Chris LaVictoire Mahai Chris LaVictoire Mahai
President of Aveus, a division of Medecision

A couple of years ago at a national health care conference, I joined a small breakout group discussion and met Deborah Gage, CEO of Medecision, across the table. I don’t remember much about the discussion, but I know we parted, exchanging business cards, with (at least on my part) a clear desire to talk more and know each other better. Lucky for me and Aveus, Deb and her team at Medecision have been customers of ours since 2013, so I’ve had an up close opportunity to see her bold leadership in action.

With a health care and technology corporate and startup career behind her, Deb now leads the transformation of a technology company inside a very large corporate health services organization, inside an industry going through its own revolution. You could not find a more complex change challenge if you tried. That’s why I asked Deb to talk with me about her bold leadership approach. I’ve concluded “Fearless” may have her name attached to the definition. Here’s why:

Deb throws herself into situations and learns her way to positive outcomes.

How many of you have ever had anyone, let alone a venture guy, say to you, “I have a check sitting on my desk and it has your name on it. What do you want to do?” This happened to Deb in a past life and it is your first clue to Deb’s fearless approach to bold leadership.

Deb said, “Boy was I unprepared for that experience. We actually did pretty well and grew fast.” Clearly Deb is unafraid to define opportunities and pursue them, as she has done many times in her career.

Deb surrounds herself with people who understand her, push her and give her energy.

When Deb got to Medecision she loved that it was not venture backed, and she has since learned that transforming a business inside a large entity has its own set of challenges. “Innovation and agility are critical to our ability to navigate this shifting market, and sometimes a business our size feels like a Wolverine in a cage.” So, once again she is learning to navigate a different set of business requirements and expectations.

Through a series of startups and turnarounds, she met several of her current Medecision executive team members—executives who chose to move with her to this company. These are people willing to sign up for a big challenge and big vision. “You have to be self-aware and know who you trust to help you think. Years ago I did an exercise that required that I define my trusted network. It really made me really think about who I needed around me.” Bold leaders surround themselves with people who understand them, push them and give them energy. (For more information, check out this blog post, “What Makes a Great Leader? 5 Actions to Look For“)

Deb thinks beyond her own organization to the broader market opportunities that need addressing.

It is one thing trying to change, start or grow a business in a relatively certain market.
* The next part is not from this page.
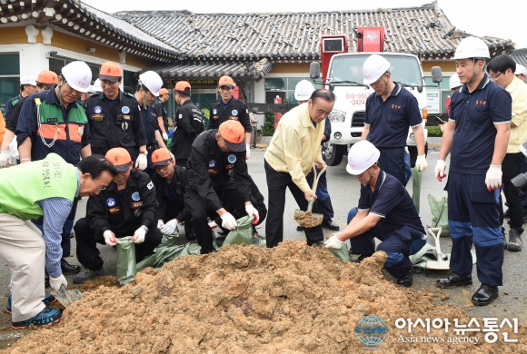 16일 김관용 지사, 최양식 경주시장이 지진피해 현장에서 복구용 모래를 담고 있다.(사진제공=경주시청) 9.12 지진 피해복구를 위해 민관군경 2400여명이 추석 연휴를 반납하고 현장복구에 구슬땀을 흘렸다. 16일 김관용 경북지사, 최양식 경주시장, 김석... 2016-09-16
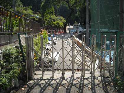 皎月院の入り口通路を広げる関係で現在、東門が通行できません。現在のなだらかな坂が短くなってやや急になるそうです。

It is another thing when you’re trying to drive organizational change at the same time all of your clients are in the midst of trying to change—and those clients need and expect your assistance.

“When you are a leader, your job is to be a visionary. This requires a whole new level of vision and decision making when you’re attempting to also lead a market and industry transformation.” Deb’s comment is a great view into how bold leaders think: beyond their own organization to the broader market opportunities that need addressing. No one person or entity is going to solve the healthcare changes that are upon us. Who will? Bold leaders who understand how to balance their own organization needs with those of their customers will.

Deb seeks out challenges and addresses them head on.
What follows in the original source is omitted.